▽

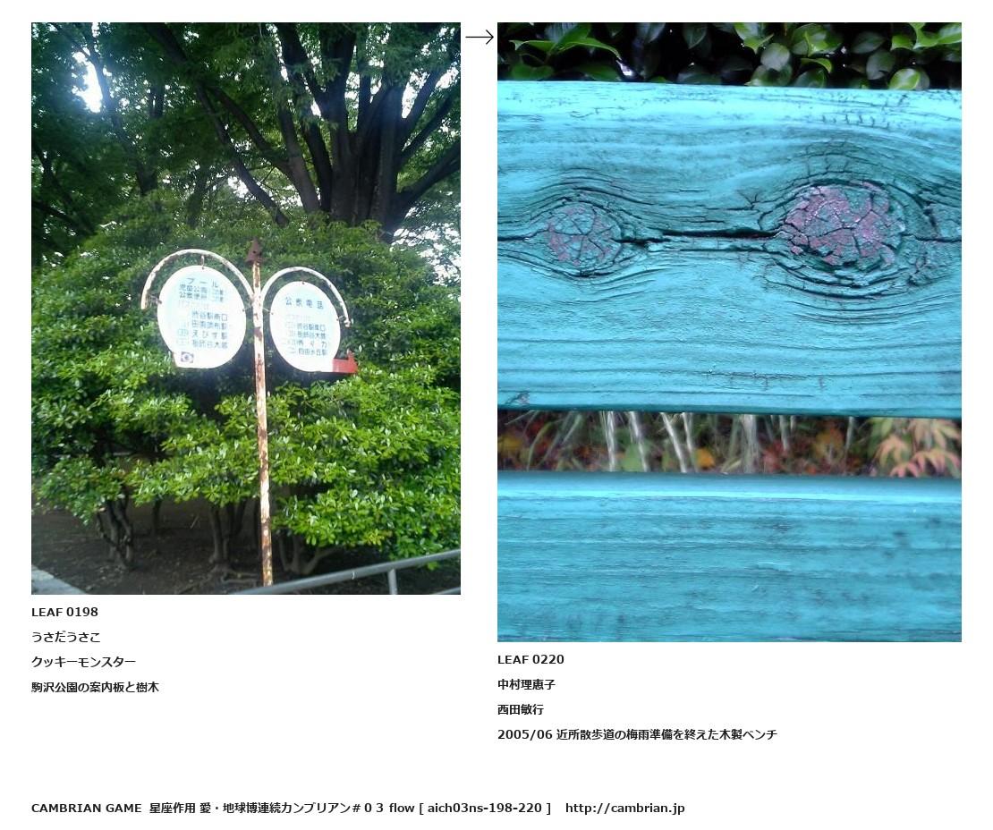 LEAF 0179フローに加えるLEAF 0198うさだうさこクッキーモンスター駒沢公園の案内板と樹木↑ここから上をフローから外す↓ここから下をフローから外すLEAF 0220中村理恵子西田敏行2005/06 近所散歩道の梅雨準備を終えた木製ベンチLEAF 0229フローに加える
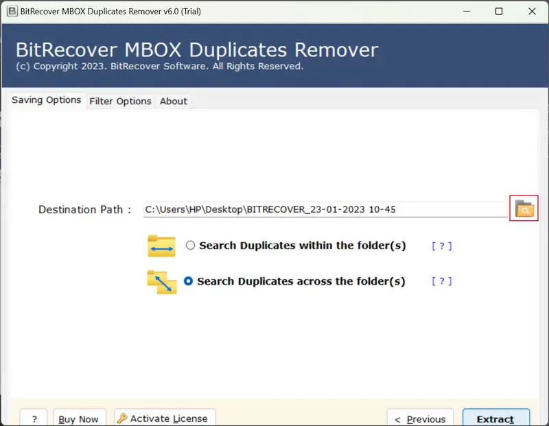 - Poté klikněte naSložkaikonu pro procházení konkrétní cílové složky. Software však automaticky nastavíDesktopjako výchozí cílovou cestu.
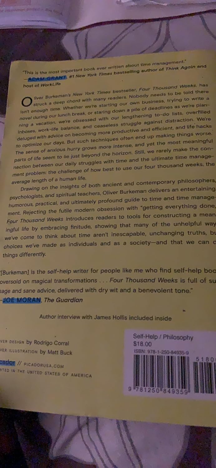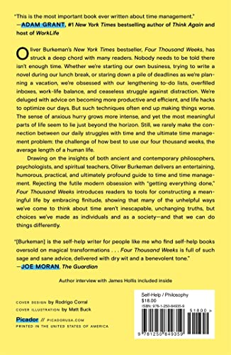Drawing on the insights of both ancient and contemporary philosophers, psychologists, and spiritual teachers, Oliver Burkeman delivers an entertaining, humorous, practical, and ultimately profound guide to time and time management. Rejecting the futile modern obsession with “getting everything done,” Four Thousand Weeks introduces readers to tools for constructing a meaningful life by embracing finitude, showing that many of the unhelpful ways we’ve come to think about time aren’t inescapable, unchanging truths, but choices we’ve made as individuals and as a society―and that we can do things differently.
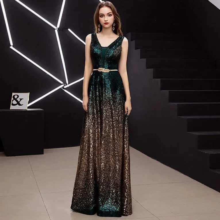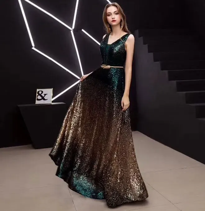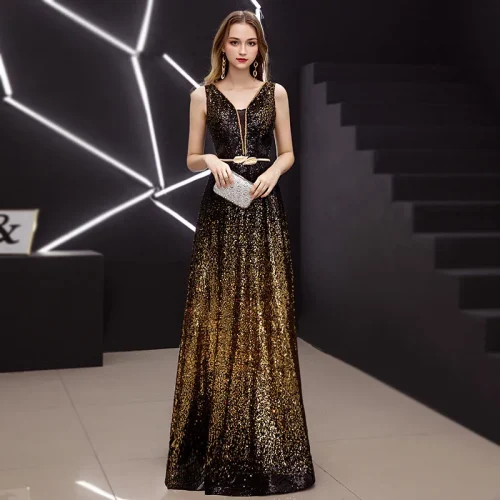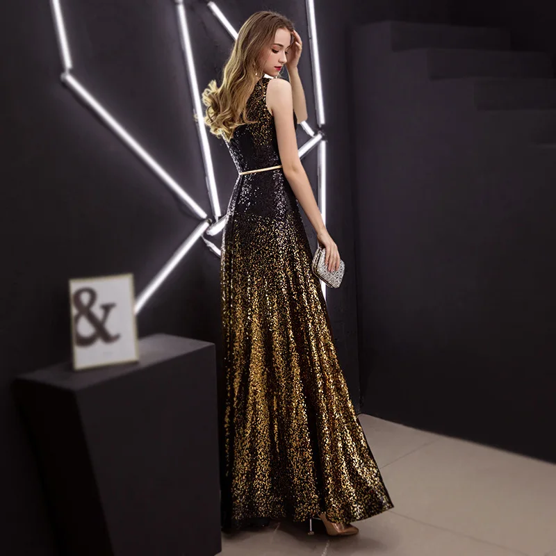 New Arrival Gold Black Slit Neck Sweet Long Bride Club Party Sleeveless Sequins Prom Dresses Floor-length Evening Dress
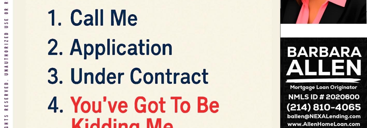 Hi, my name is Barbara Allen. I’m a Loan Officer with NEXA Lending LLC., offering personalized mortgage solutions, fast customized quotes, great rates and service with integrity.
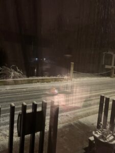 (C) In der Nacht hatten wir einen ganz schönen Sturm mit Schneeregen. Ich dachte schon, dass man das heute früh sehen würde, aber außer dass es ziemlich frisch war, konnte man nichts mehr davon bemerken.
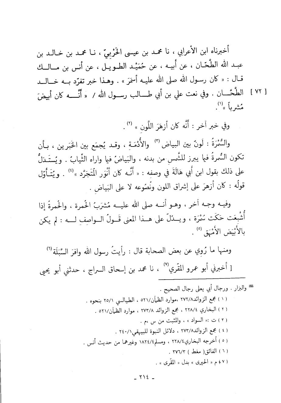 أَخْبَرَنَاهُ ابْنُ الأَعْرَابِيِّ نا مُحَمَّدُ بْنُ عِيسَى الْحَرْبِيُّ نا مُحَمَّدُ بْنُ خَالِدِ بْنِ عَبْدِ اللَّهِ الطَّحَّانُ عَنْ أَبِيهِ عَنْ حُمَيْدٍ الطَّوِيلِ عَنْ أَنَسِ بْنِ مَالِكٍ قَالَ: "كَانَ رَسُولُ اللَّهِ صَلَّى اللَّهُ عَلَيْهِ وَسَلَّمَ أَسْمَرَ". وَهَذَا خَبَرٌ تَفَرَّدَ بِهِ خَالِدٌ الطَّحَّانُ وَفِي نَعْتِ عَلِيِّ بْنِ أَبِي طالب رسول الله "أَنَّهُ كَانَ أَبْيَضَ مُشْرَبًا"1.

△

• _What is being asked_: Once you find the line that contains "(C) In der Nacht", reproduce it and every line after it through the end of the entries above, exactly as written, with no pictures.

• _Response to this task_:
 (C) In der Nacht hatten wir einen ganz schönen Sturm mit Schneeregen. Ich dachte schon, dass man das heute früh sehen würde, aber außer dass es ziemlich frisch war, konnte man nichts mehr davon bemerken.
 أَخْبَرَنَاهُ ابْنُ الأَعْرَابِيِّ نا مُحَمَّدُ بْنُ عِيسَى الْحَرْبِيُّ نا مُحَمَّدُ بْنُ خَالِدِ بْنِ عَبْدِ اللَّهِ الطَّحَّانُ عَنْ أَبِيهِ عَنْ حُمَيْدٍ الطَّوِيلِ عَنْ أَنَسِ بْنِ مَالِكٍ قَالَ: "كَانَ رَسُولُ اللَّهِ صَلَّى اللَّهُ عَلَيْهِ وَسَلَّمَ أَسْمَرَ". وَهَذَا خَبَرٌ تَفَرَّدَ بِهِ خَالِدٌ الطَّحَّانُ وَفِي نَعْتِ عَلِيِّ بْنِ أَبِي طالب رسول الله "أَنَّهُ كَانَ أَبْيَضَ مُشْرَبًا"1.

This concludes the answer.